I have a problem with relying on this solution. Granted, "black box" testing like this would probably work in most situations. However, you can never prove conclusively that there are no bugs in the software without actually seeing the code.

And furthermore, you can't prove conclusively that there are no bugs in the software even if you see the code. Though of course, seeing the code might make it more obvious that there is a bug. But note, I am not precluding inspection of code, I'm simply saying that you can validate the procedure without revealing the code in open court. I would say that the code should not be a matter that the jury deliberates over in such a case and the code specifics don't end up in the record; rather, you have the testimony of software experts on both sides who have been allowed to see the code (penalty of death or huge fine and all), who can say certain things that are directly relevant to the reliability of the gizmo. There are already these safeguards where you can go into closed session in case some matter of uncertain relevance comes us which is possibly prejudicial (to the company's interest, in this case). This would satisfy the defendant's right to challenge the evidence, without compromising the company's right to keep a trade secret. I argue that the attorney and certainly the defendant has no need or competence to review the source code (except of course if the defendant can serve as his own expert witness). The point is not that the evidence isn't subject to review, but that it's subject to controlled review.

[skap35]

This would satisfy the defendant's right to challenge the evidence, without compromising the company's right to keep a trade secret.

That would be fine in any other case. But in dealing with the cases in the link I provided, the problem is that the company is unwilling to turn over the source code to anyone. So the closed session safeguard you mentioned can't even take place because the company has refused to cooperate.

So your two arguments to justify not revealing code in open court were 1. an expert witness evaluation of the code or 2. a closed session evaluation of the code. The problem is that the company isn't even allowing either of those two options to be exercised. If the company was cooperating at least with one of those two options, I wouldn't see a problem. But this case is a different situation.

[DavidOdden]

So the closed session safeguard you mentioned can't even take place because the company has refused to cooperate.

Right, and that should be a bad choice from the market point of view. It is the right of the manufacturer to refuse to divulge crucial details of the workings of their product. The consequence should be (though only if there were a challenge in court as to the validity of the evidence) that the evidence may be inadmissible. That's the strongest outcome possible -- the question would be whether the device is provably reliable even without knowledge of the software. Given two manufacturers of a gadget, one who is willing to let the reveal the details of the device under closed session safeguards, and one who will not, then all other things being equal, the company that makes a machine whose evidence isn't admissible in court will have rather limited sales.

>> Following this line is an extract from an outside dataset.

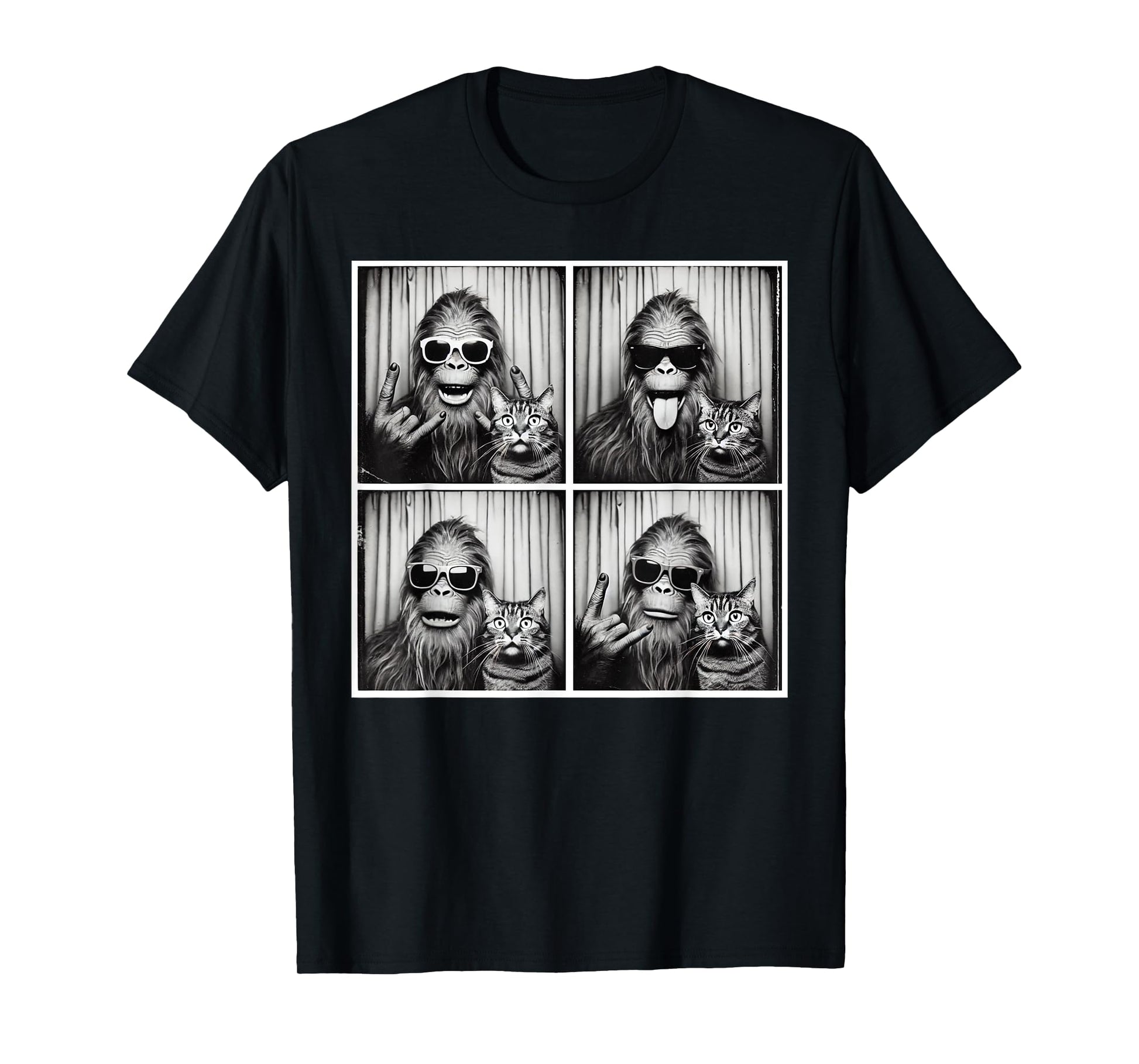Vintage Bigfoot And Cats Funny Rock On Bigfoot Photobooth T-Shirt

The ultimate consideration is whether the device or technique is reliable, and not whether a company decides against revealing source code. I don't know how breathalyzers work, but it should not be difficult to independently test them to see if there is a flaw that results in misreadings, whether it is a software problem or a hardware problem. IMO it ought to be standard that the device is calibrated before any use -- that is standard in any science. In this particular case, I think just judges are just being obstreperous, since there is no allegation (at least reported in the article) that the device is unreliable. I do think the courts have been unconscionably lax in applying the Daubert standard, but those Seminole County guys have gone overboard in the other direction, and I just don't see any merit to the claimed need to inspect the source code.